The source code analysis of the reading process is as follows:
1. The read method returns dataframereader, which is used to read data.

/**
 * :: Experimental ::
 * Returns a [[DataFrameReader]] that can be used to read data in as a [[DataFrame]].
 * {{{
 *  sqlContext.read.parquet("/path/to/file.parquet")
 *  sqlContext.read.schema(schema).json("/path/to/file.json")
 * }}}
 *
 * @group genericdata
 * @since 1.4.0
 */
@Experimental
//Create dataframereader instance, get dataframereader reference
def read: DataFrameReader = new DataFrameReader(this)

2. Then call the format in the dataframereader class to indicate the format of the read file.


/**
 * Specifies the input data source format.
 *
 * @since 1.4.0
 */
def format(source: String): DataFrameReader = {
 this.source = source
 this
}

3. Use the load method in dtafframereader to change the incoming input into a dataframe through the path.


/**
 * Loads input in as a [[DataFrame]], for data sources that require a path (e.g. data backed by
 * a local or distributed file system).
 *
 * @since 1.4.0
 */
// TODO: Remove this one in Spark 2.0.
def load(path: String): DataFrame = {
 option("path", path).load()
}

At this point, the reading of data is completed, and the operation of dataframe will be carried out next.
Here is the write operation!!!

1. Call select function in dataframe to filter columns


/**
 * Selects a set of columns.

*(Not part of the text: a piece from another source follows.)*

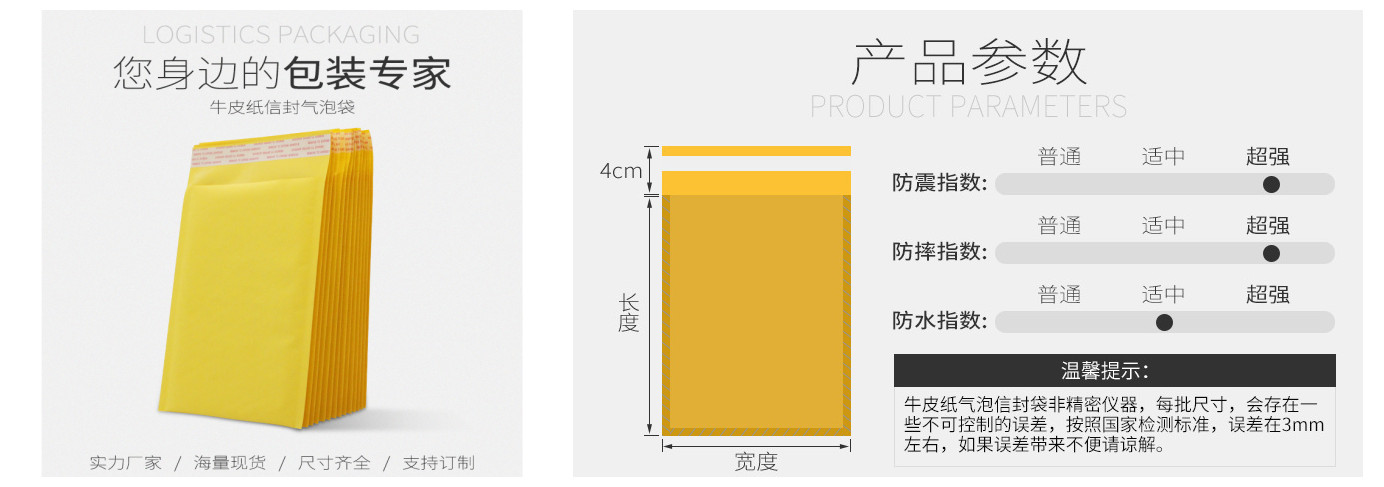 氣泡袋主要使用高壓聚乙烯氣泡膜經過切(qiē)膜加工,把氣泡(pào)膜切成需要製袋規格尺寸,然後通過氣泡(pào)膜專用製袋機{熱烘熱(rè)切製袋機}進行袋子的製作加工,主要運用於電子產品緩衝包裝(zhuāng),塑料製品,金(jīn)屬製品,陶瓷製(zhì)品,玻璃製(zhì)品以及需要緩衝保護的 其他產(chǎn)品的 物流運輸保護。氣泡膜使用高壓低密度聚乙烯加工而成(chéng),是當前普遍使用的一種透明軟包裝材料,用途廣泛。
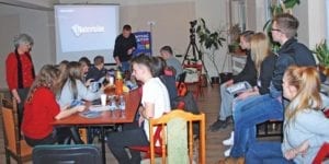 Młodzi ludzie z Hanny spotkali się z fotografami – Adamem Purcem oraz Mariuszem Błaszkiewiczem. Na początku zapoznali oni uczestników spotkania ze sprzętem fotograficznym i przekazali wiele cennych informacji z zakresu zasad kompozycji, czy rodzajów fotografii. Opowiedzieli też o podstawach obsługi programów do obróbki zdjęć, doborze odpowiednich środków w celu uzyskania różnych efektów artystycznych. Na zakończenie spotkania młodzież zaprezentowała swoje zdjęcia, które dotychczas wykonała w ramach realizacji projektu i po wspólnym obejrzeniu oraz przeanalizowaniu materiału, uzyskała wiele cennych rad, wskazówek ale i pochwał.

This is a variant of `select` that can only select
 * existing columns using column names (i.e. cannot construct expressions).
 *
 * {{{
 *  // The following two are equivalent:
 *  df.select("colA", "colB")
 *  df.select($"colA", $"colB")
 * }}}
 * @group dfops
 * @since 1.3.0
 */
@scala.annotation.varargs
def select(col: String, cols: String*): DataFrame = select((col +: cols).map(Column(_)) : _*)

2. Write the result to the external storage system.


/**
 * :: Experimental ::
 * Interface for saving the content of the [[DataFrame]] out into external storage.
 *
 * @group output
 * @since 1.4.0
 */
@Experimental
def write: DataFrameWriter = new DataFrameWriter(this)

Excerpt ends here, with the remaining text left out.